Jim Stahl , K8MR

CWops# 2533, from Sarasota , FL , USA.---->View on Google maps

I’ve been doing CW ever since I got my novice license in 1964 as WN3/WA3BGE. In the spring of my senior year in high school, a good friend Glen, WA3BBJ/W3JL (SK) persuaded me to try for the FCC First Class Radiotelephone license, largely so I could drive him to somewhere he could take that test as well (at the time he was too young for a driver’s license). I studied up, and on a Tuesday night he taught me how to drive his parents’ stick shift car, and then on Thursday night I drove the two of us from Sharon, PA, to Detroit to take the test.

I passed, and then got a summer job at a radio/TV station in Youngstown, Ohio. After three summers there, spending summers at home was terminally boring, so I looked around Cleveland where I was going to school at Case Western Reserve University and found a similar summer engineering job at WJW-TV. Thirty-nine years later they paid me a lot of money to go away.
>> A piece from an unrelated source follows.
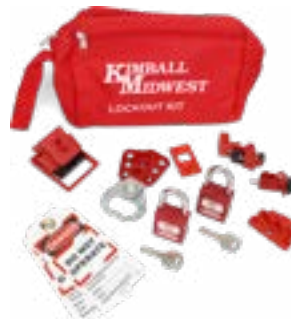
83-3412S $137.63/ea Electrician Lockout Kit Qty. 1

I’m now a Florida snowbird, splitting time between summers in Cleveland and winters in Sarasota. In Ohio I have a decent tri-bander/KW station; in Florida I’m lucky to be able to have a K3 and G5RV at 35 feet or so. Phone contests stink, but I’m having fun doing CW from the Florida condo QTH.

In 1983 my girlfriend and I had planned a vacation trip to Anguilla, including time for me to operate in the ARRL DX CW test as VP2EU. In that contest I took second place in the world behind N6TJ who was operating from Barbados. A month before we left, she told me she was pregnant. So, we upgraded the trip to a honeymoon, and 37 years later we’re still happily married, with two daughters and three grandkids.

I’m past doing long full-time contests seriously, but I enjoy getting into lots of them. My specialty may be as a mobile in various state QSO parties, in particular Ohio (I’m the chairman of the Ohio QSO Party) and Florida, as well as my home state of Pennsylvania when schedules permit. I also enjoy the CW Sweepstakes as a “Single Op Multi Station,” where I visit several other stations, taking advantage of being “fresh meat” to keep up good rates when everybody else is slogging it out. In 2014 I was the W8 team leader at the WRTC in New England, with Mike, K9NW, as my teammate. We finished in the pack, but had a great time doing it.

As always, I’m looking forward to lots of good CW QSOs!

This biography is what appeared in Solid Copy when the member joined CWops.